On Jan. 4, the judge ruled that discovery should proceed in the case, which was filed by Peter Berkowitz, a professor denied tenure in the government department.
Berkowitz claims that Harvard breached its contract with him by failing to follow its own guidelines for hearing employee complaints. A Faculty committee dismissed his grievance as "clearly without merit" without sending it on to an ad-hoc panel for consideration.
Berkowitz is asking that the court order Harvard to form a new ad hoc committee to review his grievance and is also seeking monetary damages.
University spokesperson Joe Wrinn said Harvard was prepared to release its internal documents during the discovery period.
"We're confident that we followed tenure procedures in this case. It should be seen as fairly normal that we're advancing to discovery," Wrinn said.
In filing its most recent motion to dismiss the case, the University argued that a Massachusetts Supreme Court ruling last September suggested that courts should not interfere with private universities' internal procedures. The court ruled against a student who had claimed that Brandeis University disregarded its student handbook guidelines when it disciplined him for allegedly raping another undergraduate.
But Judge Raymond J. Brassard, who had denied Harvard's first motion to dismiss the case prior to the Brandeis decision, found that Berkowitz's case still had merit. He made the ruling in light of an amended complaint Berkowitz submitted, detailing the ways in which he believes Harvard violated its rules.
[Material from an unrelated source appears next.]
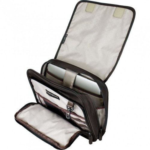 • Передняя панель на молнии имеет карман из воздухопроницаемой сетки AirMesh для хранения электронных аксессуаров, который помогает увеличить время работы аккумулятора, карман из микросетчатого материала для документов, удостоверяющих личность, отделения для карточек, держатели для ручек и карабин для ключей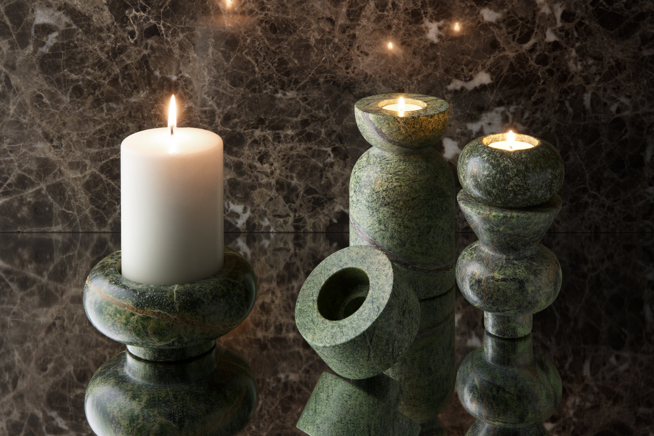 The Stone series is a combination of functionality and decorative value, inspired by the same type of marble that was used to build Taj Mahal. Its hard, semi -precious surface is extremely durable and at the same time pleasant to the touch. Candlesticks Stone is a unique accent in the interiors, combining the severity of the stone with the heat of the candle flame.

"These are specific facts which, if true, suggest that Berkowitz's grievance raised non-frivolous issues, supporting the alleged legal conclusion that the Docket Committee misapplied the 'clearly without merit' standard in dismissing his grievance," Brassard wrote in the decision.
Berkowitz's amended complaint also alleges that Harvard unfairly compared his work to that of more senior scholars when considering his tenure bid.
Berkowitz and his lawyer, David A. Handzo of the firm Jenner & Block, declined to comment on the case.
G. Marshall Moriarty, an attorney at Ropes and Gray in Boston, who represents Harvard in the case along with Deputy General Counsel Robert W. Iuliano, also would not comment on the ongoing litigation.